## Dataset extract
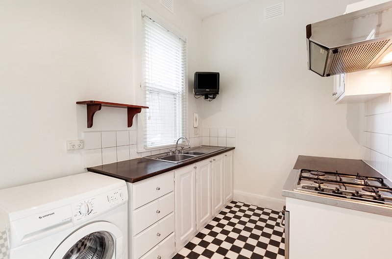 Set at the rear of the exclusive 'Kingsclere' development through a secure and quiet courtyard, this one bedroom unit will not last long! Large bedroom with built in robes; spacious living room with polished floorboards, electric wall heater and open fire place; kitchen with s/s appliances and gas cooktop; bathroom with shower over bath; and your own private courtyard! Rear access to lane way behind with permit parking. Located within walking distance to shops, cafes, restaurants and transport.
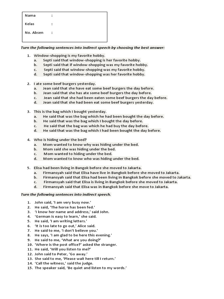 Soal direct indirect pilihan ganda beserta jawabannya. Check spelling or type a new query. We did not find results for: Maybe you would like to learn more about one of these?
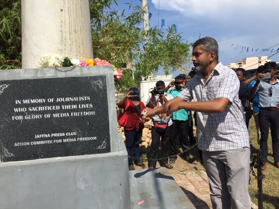 இன்று பிற்பகல் 2.30 மணியளவில் யாழ். நகரில் பிரதான வீதியில் அமைந்துள்ள படுகொலை செய்யப்பட்ட ஊடகவியலாளர்களின் நினைவுத் தூபியில் அஞ்சலி செலுத்தப்பட்ட பின்னர், யாழ். பேருந்து நிலையம் முன்பாக இந்தப் போராட்டம் நடத்தப்பட்டது.
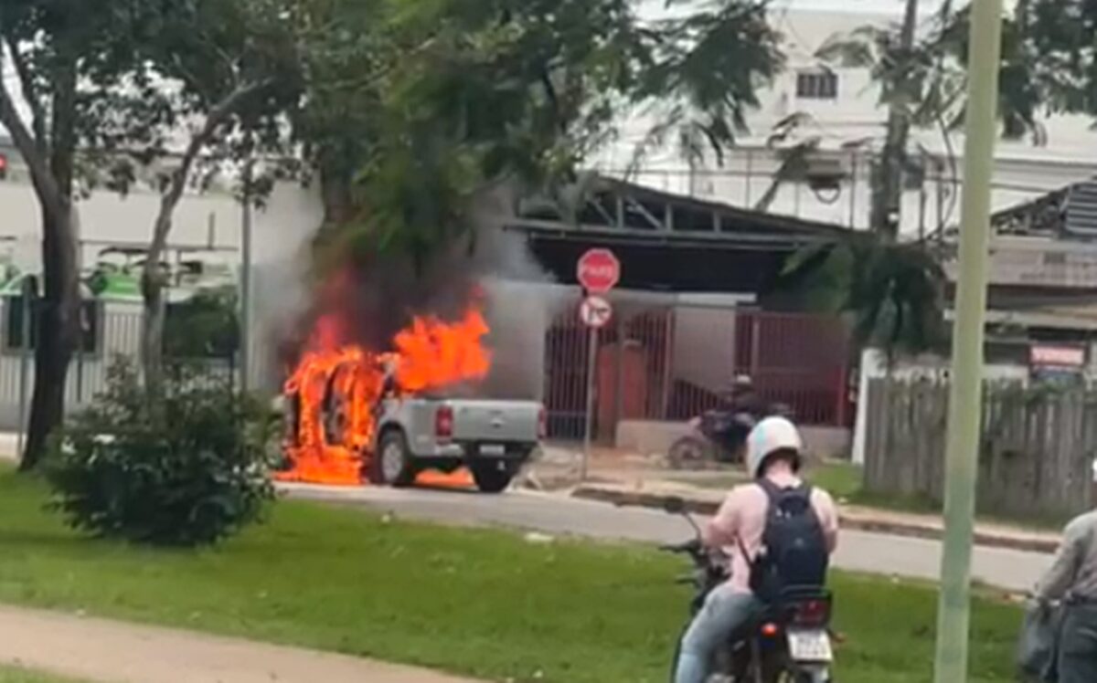 Um vídeo enviado à reportagem do ContilNet, na manhã desta terça-feira (26), mostra uma caminhonete modelo S10 pegando fogo no Canal da Maternidade.

## Instructions to follow
Copy out the listing word for word and skip its pictures.

## Answer to this task
 Set at the rear of the exclusive 'Kingsclere' development through a secure and quiet courtyard, this one bedroom unit will not last long! Large bedroom with built in robes; spacious living room with polished floorboards, electric wall heater and open fire place; kitchen with s/s appliances and gas cooktop; bathroom with shower over bath; and your own private courtyard! Rear access to lane way behind with permit parking. Located within walking distance to shops, cafes, restaurants and transport.
 Soal direct indirect pilihan ganda beserta jawabannya. Check spelling or type a new query. We did not find results for: Maybe you would like to learn more about one of these?
 இன்று பிற்பகல் 2.30 மணியளவில் யாழ். நகரில் பிரதான வீதியில் அமைந்துள்ள படுகொலை செய்யப்பட்ட ஊடகவியலாளர்களின் நினைவுத் தூபியில் அஞ்சலி செலுத்தப்பட்ட பின்னர், யாழ். பேருந்து நிலையம் முன்பாக இந்தப் போராட்டம் நடத்தப்பட்டது.
 Um vídeo enviado à reportagem do ContilNet, na manhã desta terça-feira (26), mostra uma caminhonete modelo S10 pegando fogo no Canal da Maternidade.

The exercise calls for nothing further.